The comments about getting used to benefits and a big pay-check are true - a
variety of factors caused to me to move companies, and I took one hell of a
pay-cut doing it - that's not an easy thing to adjust to

Great managers are a must. If you go for an interview anywhere, ask to meet
your supervisor, or whoever you'll be reporting to most of the time. I learn
as much from my managers as my colleagues.

Talk of larger companies exposing you to other large companies and brands is
true, but at the same time we are a company of <150 employees working in
partnership with Google, Red Hat, and Samsung. Smaller companies do not
automatically equal smaller opportunities.

Sometimes I think I should have chosen the smaller company first. However, I
realise that I only think that because I have the experience of a larger
company to draw upon. If I _did_ choose the smaller company first? I imagine
I'd sometimes think I should have chosen the larger company instead :P

One final comment: I'm originally from the UK, and we don't have anything like
the Valley, despite what various MPs and Ministers would like to believe. San
Francisco is not a requirement for life in a startup, and I've never
understood the glamour associated with it - maybe that's because I've never
been so I don't know what I'm missing, but I'm perfectly happy here :)

------
RickS
The founder of the startup I'm at now, imgix, had this to say about it:

[http://blog.chriszacharias.com/cruise-
ships](http://blog.chriszacharias.com/cruise-ships)
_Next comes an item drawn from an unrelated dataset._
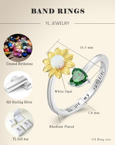 • Stunning YL Design: YL sunflower open rings is similar to the sun, symbolize warmth strength and positive happiness, keeping special words of love and hope, "You are my sunshine" close to her heart. 5 mm heart-brilliant-cut created green emerald and 4 mm round cut created white opal are skillfully set in yl bypass sunshine ring bands

Google is a cruise ship. You're young and agile in a way that you'll likely
never be again. As a result, you're more risk-tolerant as well.

Risk accordingly.

Despite that, don't confuse commitment and risk. The bay is a big place. It's
expensive to live in, and full of unlikely opportunities in equally unlikely
places.

Find a month to month lease if you can, or crash with somebody you know. Don't
lock yourself down with a long lease, the environment moves too fast and your
priorities will evolve even faster once you hit the ground here. I think
you'll appreciate the agility. It's a mistake I made, and would probably
change given a do-over.

Another miscellaneous thought: there are so many startups and things like this
going on in the bay that it's actually a bit of a blur, and while it's easy to
meet many people doing what you describe, they're all very much wrapped up in
their own version of the story. A job at google actually gives you proximity
to bigger names, for longer, and with more purpose. From a networking
standpoint, that has value. I don't think it negates the sole-suckingness of a
giant org for someone with your personality, but it's at least worth noting.

------
shantkiraz
Experience trumps all, whether you start at a large corporation or a
bootstrapped startup.

I know a handful of people who've worked at YouTube, Microsoft, etc. who
earned great experience and ended up starting their own companies shortly
after.

My personal recommendation would be to go the startup route, and even if it
doesn't pan out, future employers will take notice of your effort and will
make you more employable.

------
htapiardz
Just remember, live the present! So follow your dreams, it must be difficult
to say no to Google. But it will be more difficult to regret all your life,
that you did not follow your dreams when you can. Just keep in your head, you
only live once, so follow your DREAMS, it's your life you have TOTAL control
of it, and never regret from any decision you take and took because all of
them are Correct in the time you take or took them, there are not incorrect
ones just less accurate, and more accurate ones, but you only will discover
that in the future! So good luck! and be sure whatever you choose will be the
CORRECT decision.

------
yen223
If you work at Google but that doesn't work out, you can always leave and do
the startup thing.

If you work at a startup and that doesn't work out, you're thoroughly screwed.